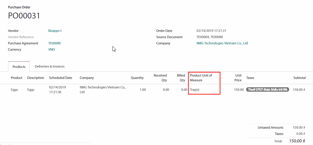 Đơn vị đo cũng có thể thay đổi trong đơn mua hàng
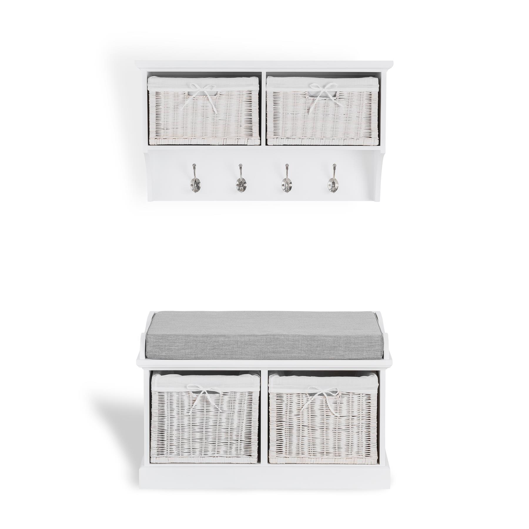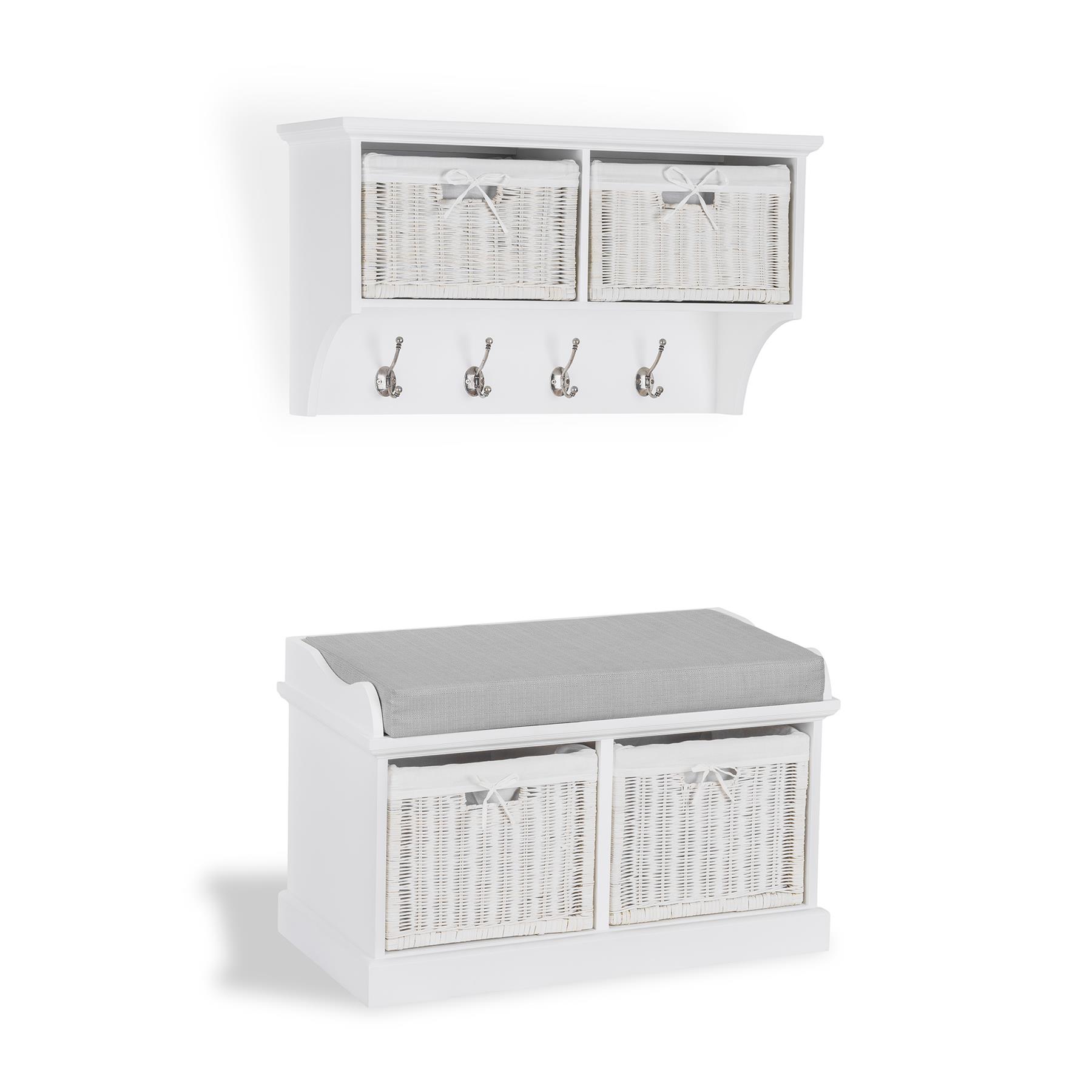 Tetbury Hallway Bench and Hanging Shelf Set Large Storage Baskets Wipe-Clean
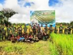 MERAUKE – Babinsa Koramil 1707-04/Kimaam Kodim 1707/Merauke Koptu Arifudin melaksanakan panen raya padi bersama personel Satgas Yonif 141/AYJP dan Masyarakat petani di
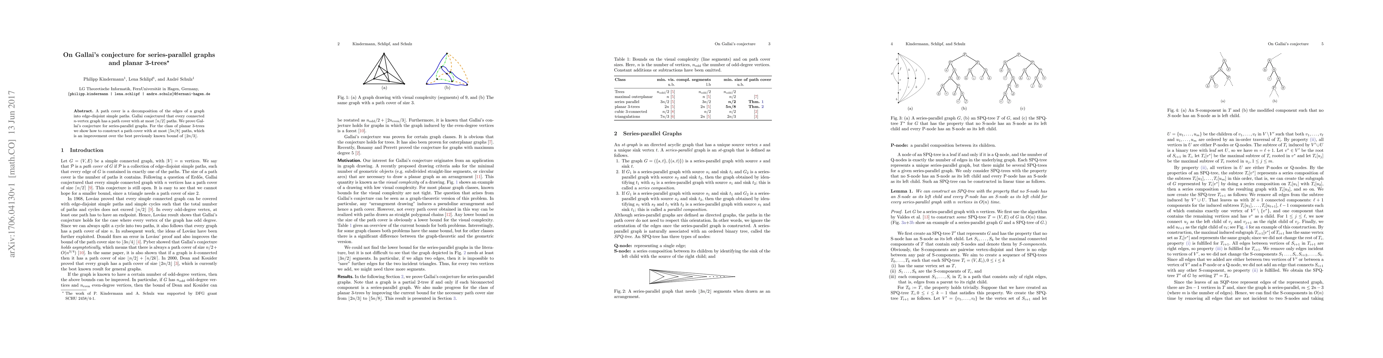 Research proves Gallai's conjecture for series-parallel graphs, showing a path cover with at most ⌊ n/2 ⌋ paths, and improves the bound for planar 3-trees to at most ⍨ 5n/8 ⍩ paths.
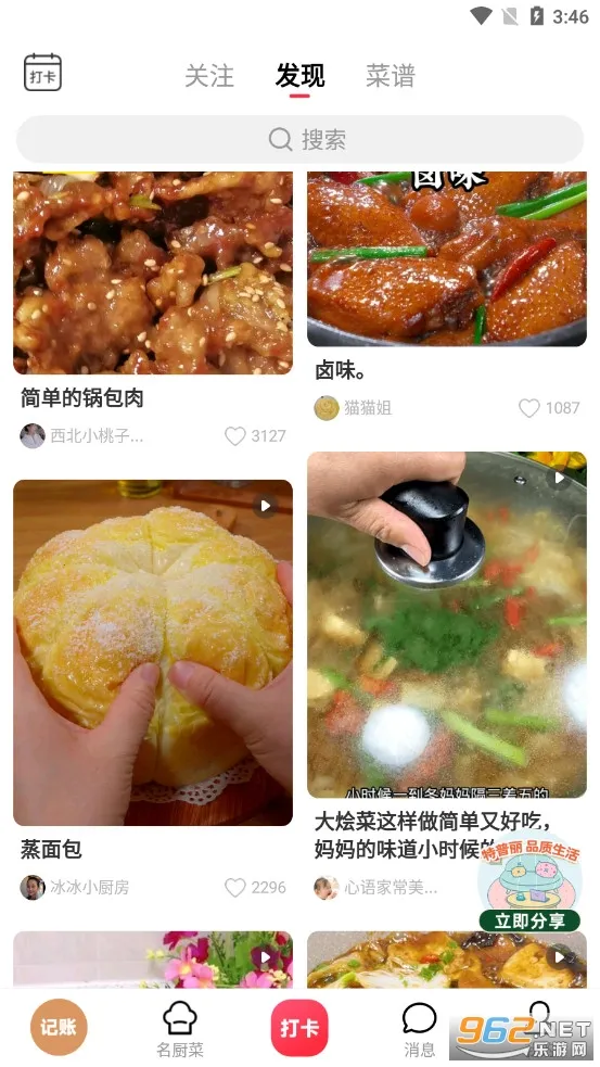 2、分享互动强:软件加入了分享功能,用户能快速分享喜欢的食谱、相关过程。社区互动平台活跃,用户可发布原创菜谱,参与活动赢奖励,形成美食交流生态。
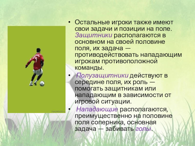 Слайд 6Остальные игроки также имеют свои задачи и позиции на поле. Защитники
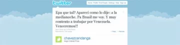 Buenos Aires, 28 de abril.- Según el diairo El Mundo, el primer Twitter de Chávez fue: "Epa que tal? Aparecí como lo dije: a la medianoche. Pa Brasil me voy. Y muy contento a trabajar por Venezuela. Venceremos!!"
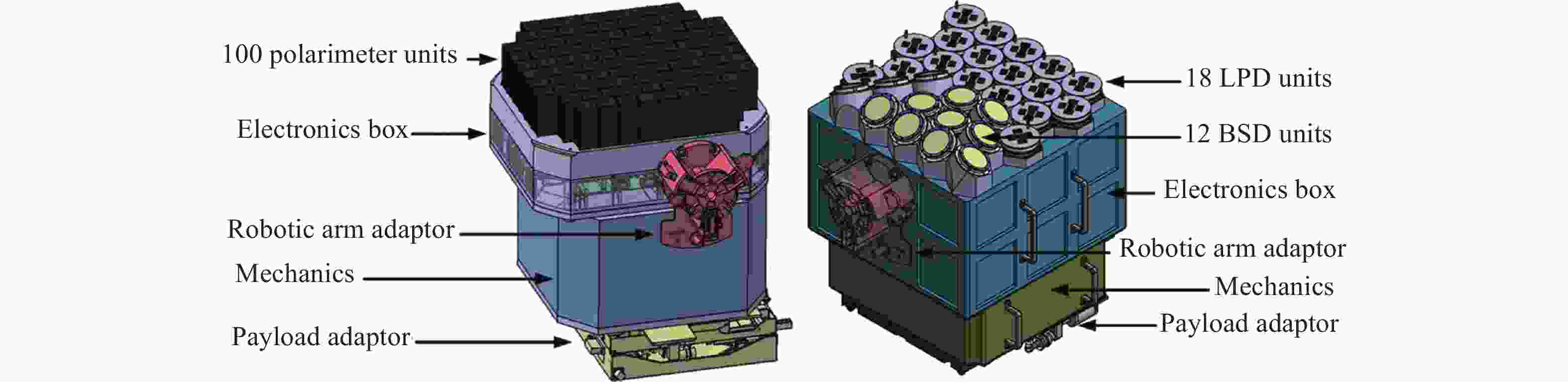 30 keV depending on the gas)10–2000 keV Detection area 2000 cm2 ≥290 cm2 For each module≥40 cm2 Field of view 50% sky 90°×90° 50% sky Energy resolution – ≤25%@5.9 keV ≤18%@59.5 keV Dimensions 590×664×700 mm3 600×600×710 mm3 Table 10. Key parameters of the preliminary payload design
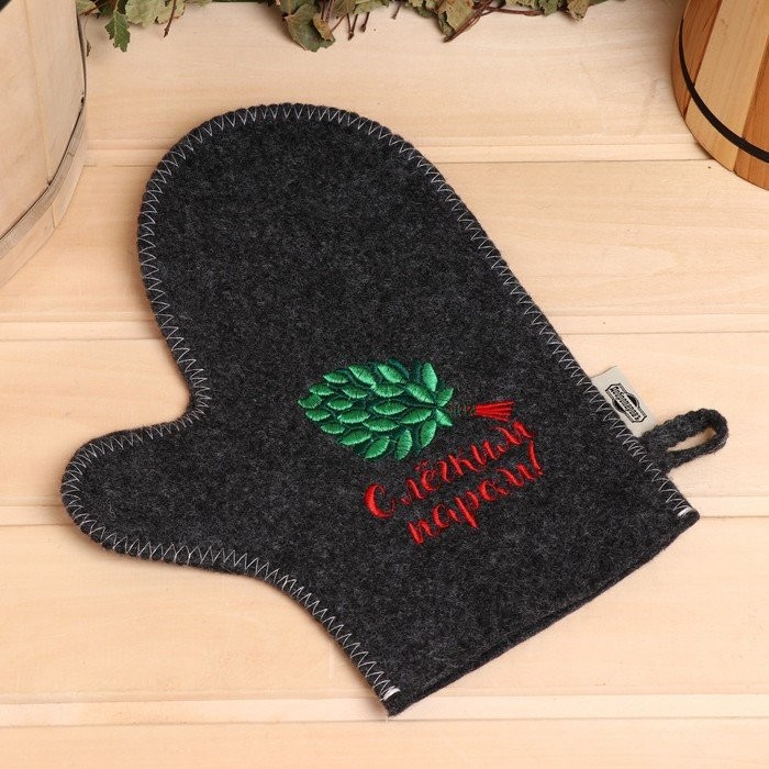 Рукавица для бани с вышивкой «С лёгким паром» серая
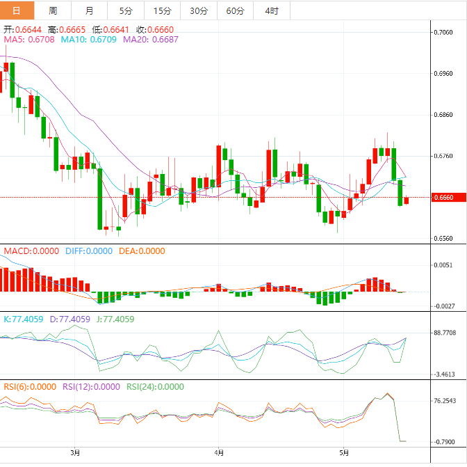然而,该货币对在4月28日至5月10日上涨期间的61.8%斐波那契回撤位(接近0.6670)在5月10日的下行阻力线(最晚接近0.6680)之前,限制了澳元兑美元的短期反弹。
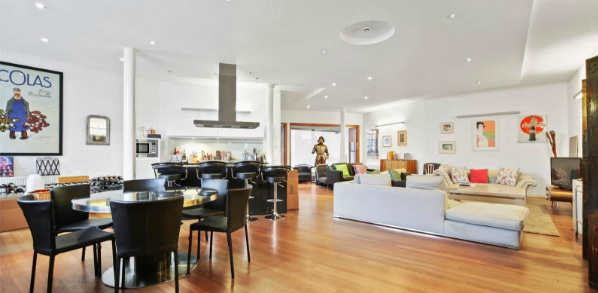 The vast open plan reception/dining/integrated kitchen in this contemporary W12 loft style flat for sale features solid wooden flooring, high ceilings and high quality appliances.
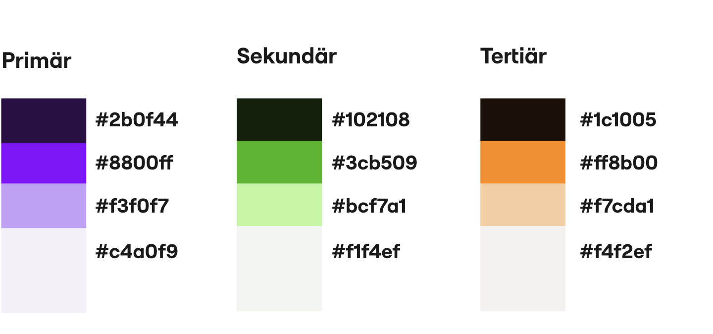Die Primärfarbe Lila wird gewählt, da diese in ihrer Aussage selbst sehr vielschichtig ist. Zudem wird sie oft im Kontext mit Diversität und Individualität verwendet und ist deshalb in ihrer Wirkung passend. Gepaart wird die Farbe mit ihren Komplementären Grün und Orange. Diese drei Farben sind am weitesten im Farbkreis voneinander entfernt, ergänzen sich dennoch untereinander und bringen Diversität im Erscheinungsbild mit sich.

- - - -

PROBLEM DESCRIPTION ::
In the entries above, find the line containing "然而,该货币对在4月28日至" and the line containing "The vast open"; give again exactly those two lines and every line between them, minus the pictures.

PROBLEM SOLUTION ::
然而,该货币对在4月28日至5月10日上涨期间的61.8%斐波那契回撤位(接近0.6670)在5月10日的下行阻力线(最晚接近0.6680)之前,限制了澳元兑美元的短期反弹。
 The vast open plan reception/dining/integrated kitchen in this contemporary W12 loft style flat for sale features solid wooden flooring, high ceilings and high quality appliances.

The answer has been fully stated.